I’ve been pondering how one can write an introduction to the world, how I can possibly convey to my audience who it is I am and what it is I have to say.

How did I get here? Looking around at my co-writers (if one can look in this marvelously disconnected cyber-world), I see that I am the only woman. I am the only teacher. Does that make me an expert on women’s issues, or on educational issues? No, I don’t believe so. It does however give me a different perspective on the world, a different body of experiences, and a different personality with which you may identify.

I’m not as liberal as I used to be, nor am I as brave. As I’ve grown older, left school, started my first job, gotten engaged, and met people who I would never have imagined meeting, I’ve begun to question everything I hold dear. I think that’s what makes beliefs so dear in the first place, their ability to be questioned. I don’t claim to have all the answers, or to be an expert on those issues on which I will attempt to reflect from time to time. I can only offer my opinions, my experiences, my viewpoints and my personality.

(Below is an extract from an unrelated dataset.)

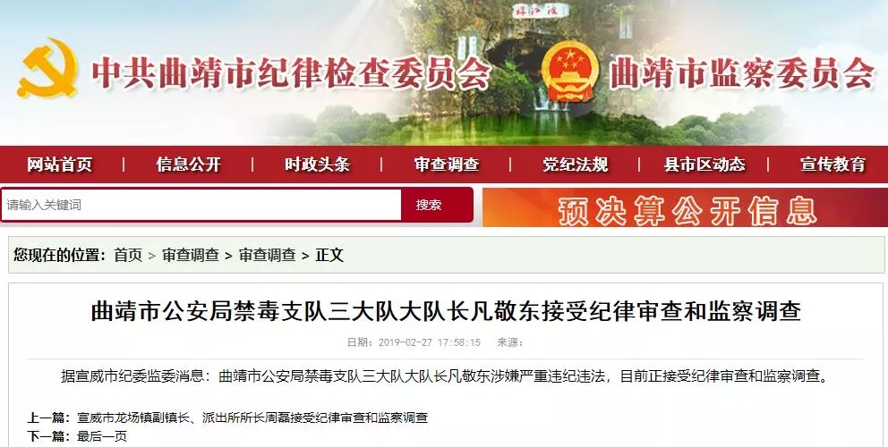 曲靖市公安局禁毒支队三大队大队长凡敬东涉嫌严重违纪违法,目前正接受纪律审查和监察调查。
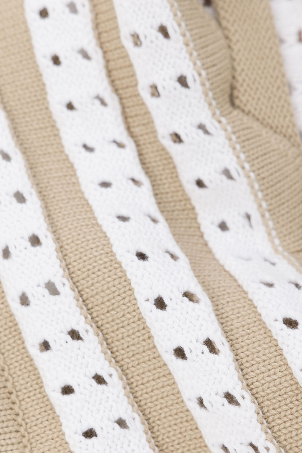 Wear it as a set or style it with shorts for a super cute vacation look! The Aston Top is made from a high quality cotton knit and features adjustable straps, contrast tan and white openwork crochet and solid knit stripes, scalloped trims and a cropped hem. Get the set with the Aston Skirt. Designed exclusively by Sabo.

Perhaps it is a cliche for me, the resident feminist to say that “The personal is political,” but I’m going to say it anyway. I completely believe that every choice we make in our own lives is in its way a deeply political statement. And so, while I cannot promise that I will not from time to time launch into a rant on a national issue, the majority of the stories I have to tell are smaller stories, stories of people I’ve known and things I’ve seen. You may think that makes them less important. I don’t.

And so on these small things, I suppose I am the expert. This is grassroots where it truly begins: from the bottom up, from the individual to the national and back to the individual. Now is not the time to rest, but now is the time to gather wisdom and strength and to begin to grow. I hope you’ll stick around to grow with me.